» Work instruction
Only the pictures are to be dropped, and the rest of the data should be copied exactly.

[Records from a data source]

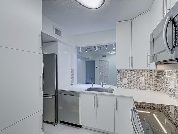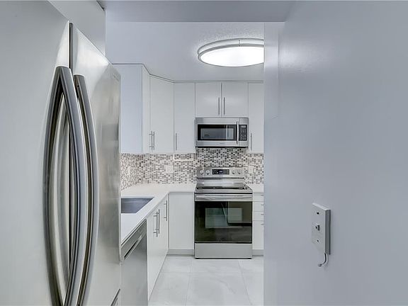 The complex is in a great location, east of US1, close to the beach, airport, and shopping. The unit has tastefully renovated bathrooms and kitchen, newer appliances, laminated floors, new indirect lighting in the living room area. There is a walk-in closet in the master bedroom and a utility closet for the washer and dryer in the kitchen.
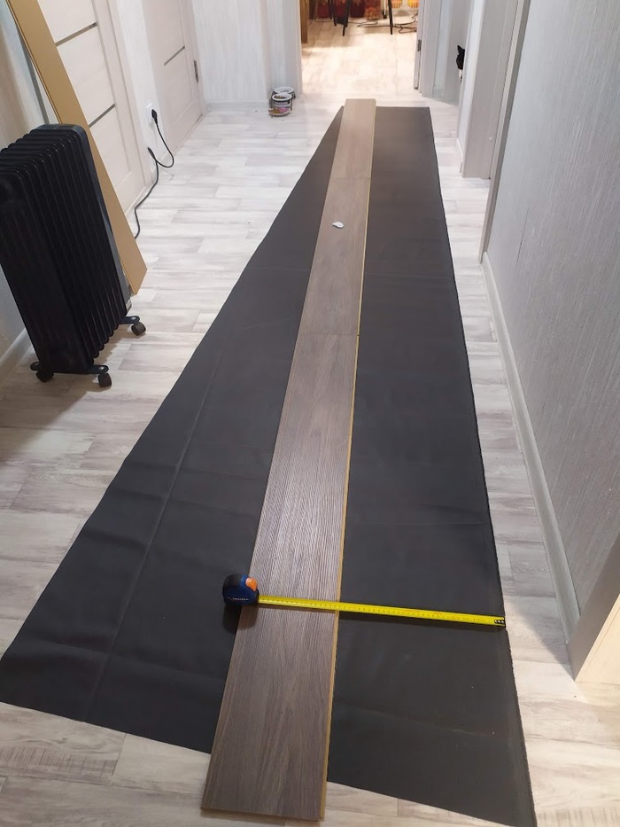 Поэтому фото, как я это делал не будет. В Видео гораздо лучше описано. Только поделюсь лайфхаком, как ровно разметить на полотне в 4 метра (ламинат):
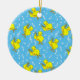 A jumble of white music notes and a cute yellow chick holding a trombone against a blue background is a unique music design for low brass musicians, music teachers and school students in concert, jazz and marching band.
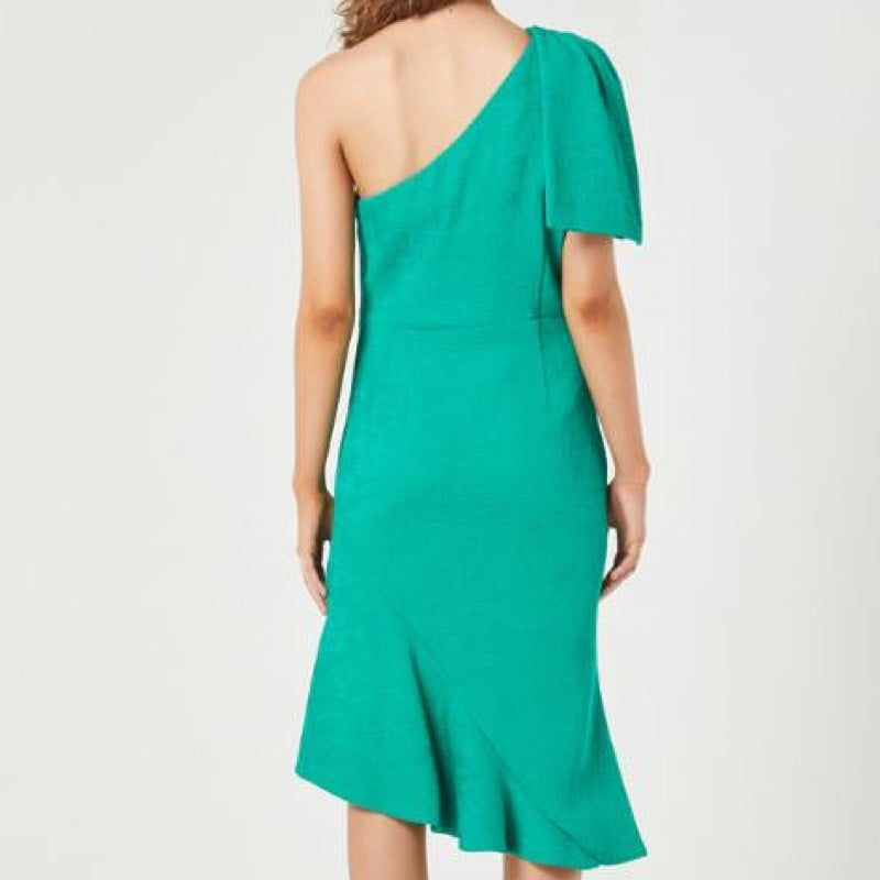 Feminine and alluring, the Fontana Dress by Elliatt boasts a one-shoulder silhouette in a rich emerald hue. The dress features an overlay detail to shoulder and is complimented by an asymmetric frilled hemline.
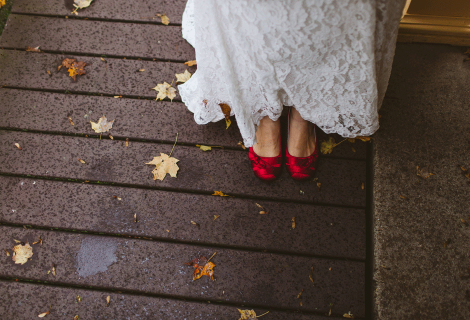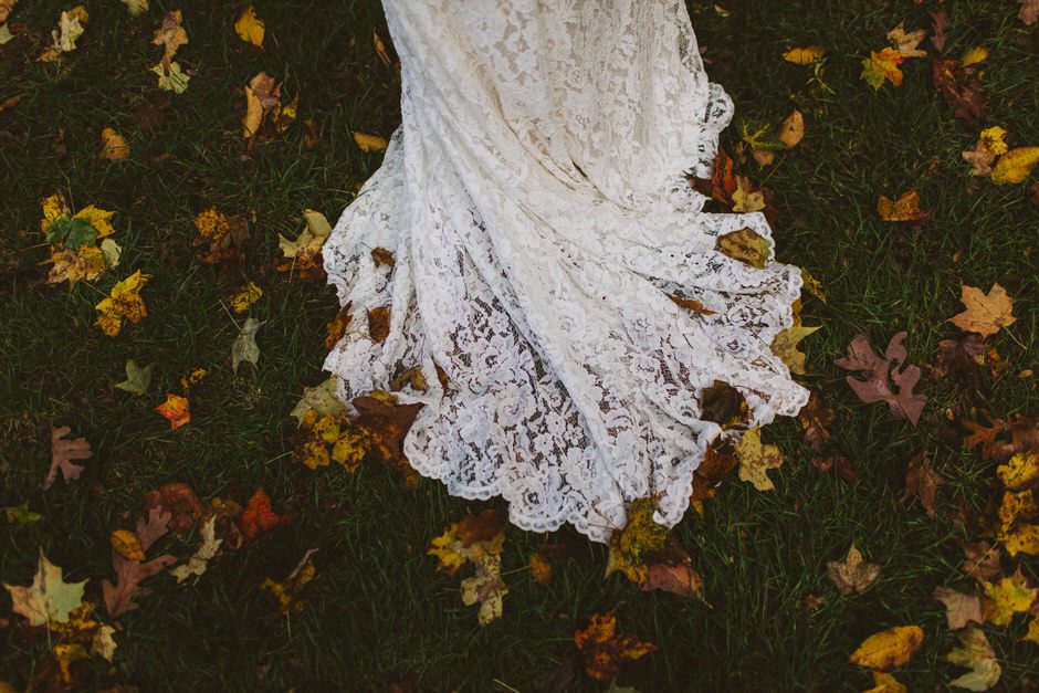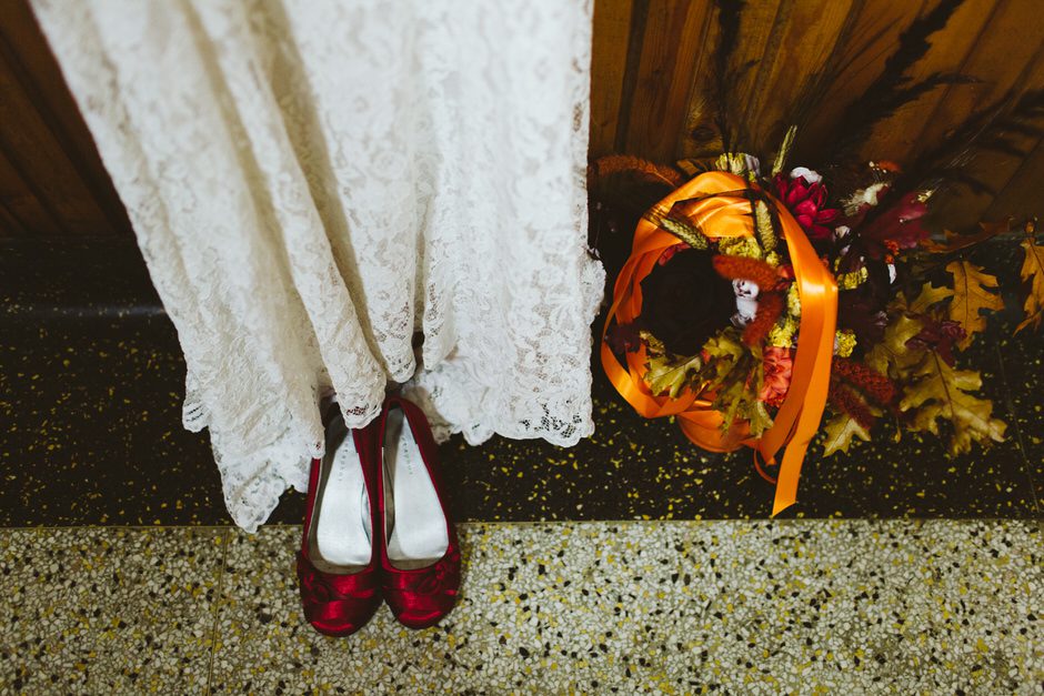 It only took one day to find my dress! My mom, sister, and I went to several bridal shops and department stores in my hometown in Ohio. I’m rather practical and didn’t want to spend a lot of money on a dress I’d only wear for a few hours, but I also wanted something that reflected my love of all things vintage. We hit the jackpot at a small shop at the end of the day, and I bought the dress directly off the sale rack at a steal–I only had to have some minor alterations done later. I paired the dress with a pair of comfy, bright red heels I’ve owned for years. For my accessories, I wore a pearl necklace and pearl earrings that my grandmas each gave me when I graduated from college. I made my own bouquet out of fall leaves and an assortment of wood, silk, and dried flowers, and my sister made the clip for my hair.

» Response box
 The complex is in a great location, east of US1, close to the beach, airport, and shopping. The unit has tastefully renovated bathrooms and kitchen, newer appliances, laminated floors, new indirect lighting in the living room area. There is a walk-in closet in the master bedroom and a utility closet for the washer and dryer in the kitchen.
 Поэтому фото, как я это делал не будет. В Видео гораздо лучше описано. Только поделюсь лайфхаком, как ровно разметить на полотне в 4 метра (ламинат):
 A jumble of white music notes and a cute yellow chick holding a trombone against a blue background is a unique music design for low brass musicians, music teachers and school students in concert, jazz and marching band.
 Feminine and alluring, the Fontana Dress by Elliatt boasts a one-shoulder silhouette in a rich emerald hue. The dress features an overlay detail to shoulder and is complimented by an asymmetric frilled hemline.
 It only took one day to find my dress! My mom, sister, and I went to several bridal shops and department stores in my hometown in Ohio. I’m rather practical and didn’t want to spend a lot of money on a dress I’d only wear for a few hours, but I also wanted something that reflected my love of all things vintage. We hit the jackpot at a small shop at the end of the day, and I bought the dress directly off the sale rack at a steal–I only had to have some minor alterations done later. I paired the dress with a pair of comfy, bright red heels I’ve owned for years. For my accessories, I wore a pearl necklace and pearl earrings that my grandmas each gave me when I graduated from college. I made my own bouquet out of fall leaves and an assortment of wood, silk, and dried flowers, and my sister made the clip for my hair.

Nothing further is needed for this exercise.